Several major companies, including United Airlines and Tyson Foods, have been authorized, while others have delayed and waited for legal disputes to be resolved. Some companies have been worried about losing employees at a time when workers are already scarce. While authorized companies say those concerns are largely unfulfilled, a state requirement could help ease them.

The three largest U.S. employers, Walmart, Amazon and JPMorgan, have yet to make broad demands on their employees. Some waiting companies expressed concern about the cost of setting up testing programs and resistance from unvaccinated employees.

Separate health care worker assignments are maintained and apply to nearly all U.S. health care workers. If HHS pursues this mission aggressively, it could exacerbate the crisis employment situation in the healthcare sector, as many unvaccinated healthcare workers may now choose to quit rather than comply.

States such as California have decided to allow asymptomatic health care workers who test positive to remain on their posts — even though it recommends deploying them to care for COVID-19 patients.

Once the appeals are exhausted, the court may soon grant a scrip to more fully consider the OSHA and HHS vaccine regulations. At that point, it appears that OSHA’s authorization will be completely overturned, while the courts will uphold HHS’s authorization.

State-level vaccine mandates will come to the fore as the Biden administration’s ability to implement a national vaccine policy through OSHA is hampered.

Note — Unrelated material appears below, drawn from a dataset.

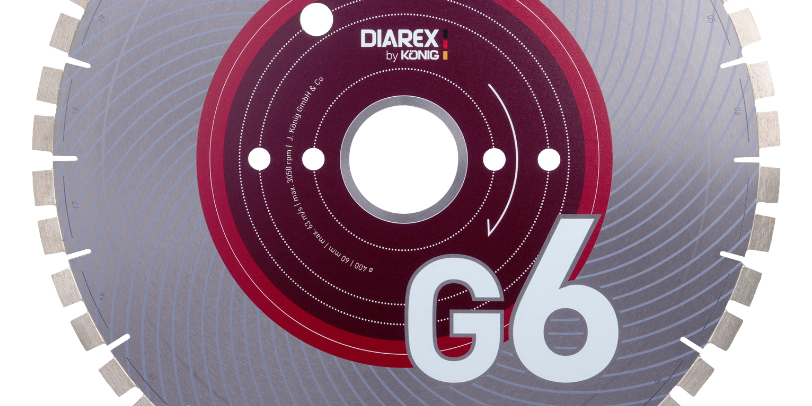 König bringt die Super G Diamanttrennscheibe für quarzarme Granite und ähnliche Hartgesteine in 2 Varianten auf den Markt. Einmal als Schnellschnitttrennscheibe im Durchmesser von 200 bis 2.500 mm mit weiten Zahnlücken bevorzugt für Tief- und Blockschnitte. Zum anderen mit engen Zahnlücken im Durchmesser von 200 bis 800 mm, welche sauberste Schnitte und gute Schnittkanten gewährleisteten.
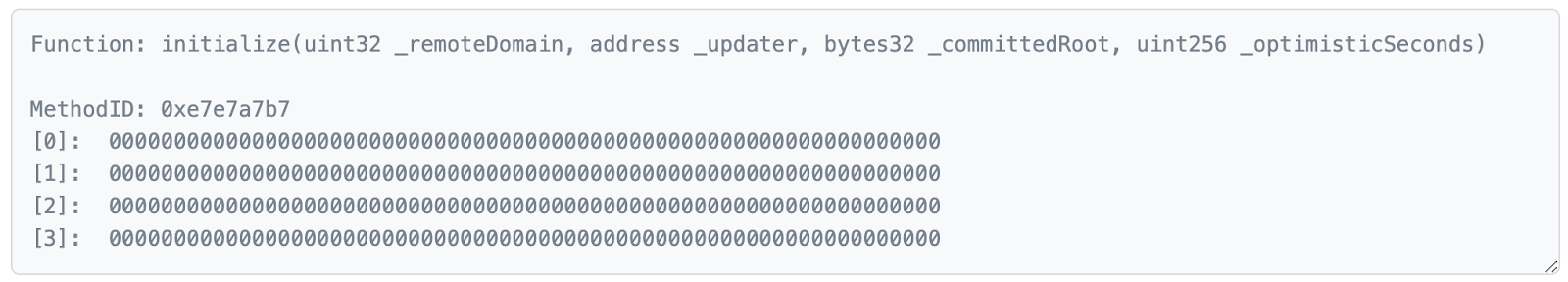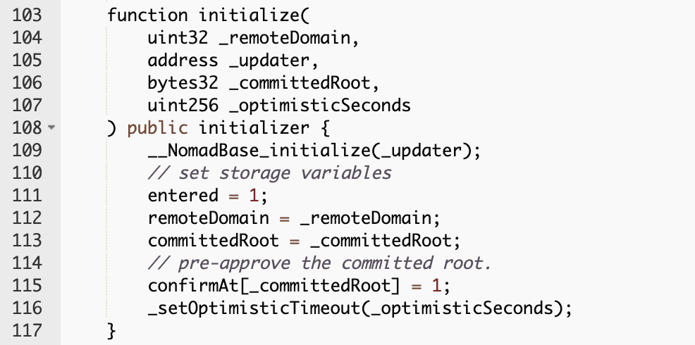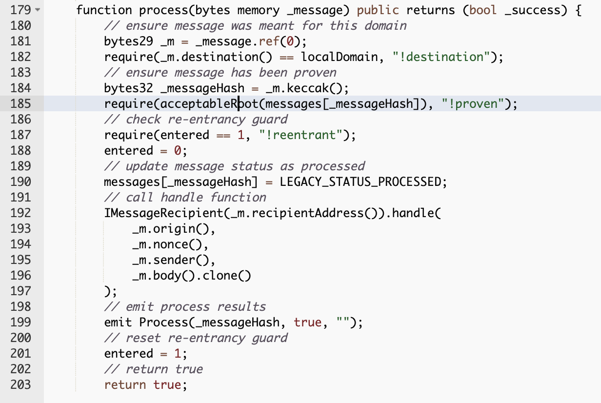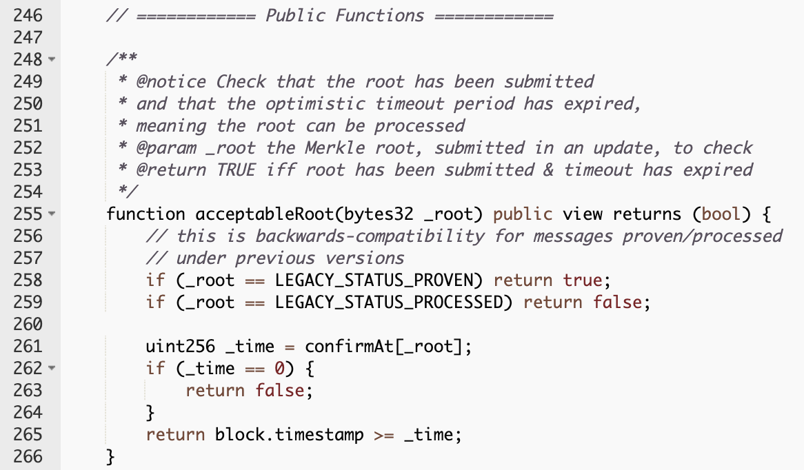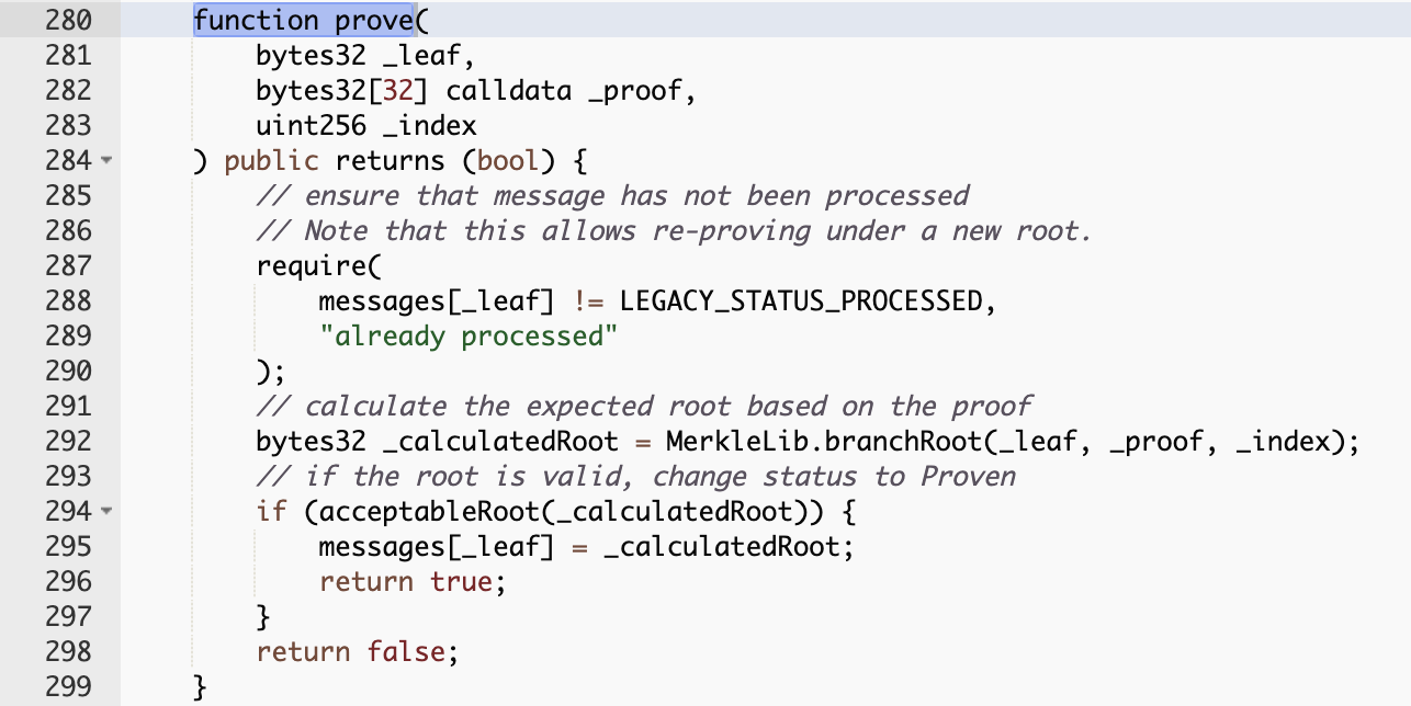 函数acceptableRoot(messages[_messageHash])返回true,消息就被证明了。在初始化时设置为0x0000,服务器托管因此是true(这也是部署时的错误所在)。

Unless Congress decides to act — which is highly unlikely at the moment, especially given the deep divisions in COVID-19 policy and questions about the continued effectiveness of a vaccine, especially as new virus variants emerge.

According to the New York Times:

The Supreme Court has repeatedly upheld state vaccine mandates in a variety of settings in response to constitutional challenges. The two cases decided on Thursday dealt with a different issue of whether Congress has authorized the executive branch to make those requirements.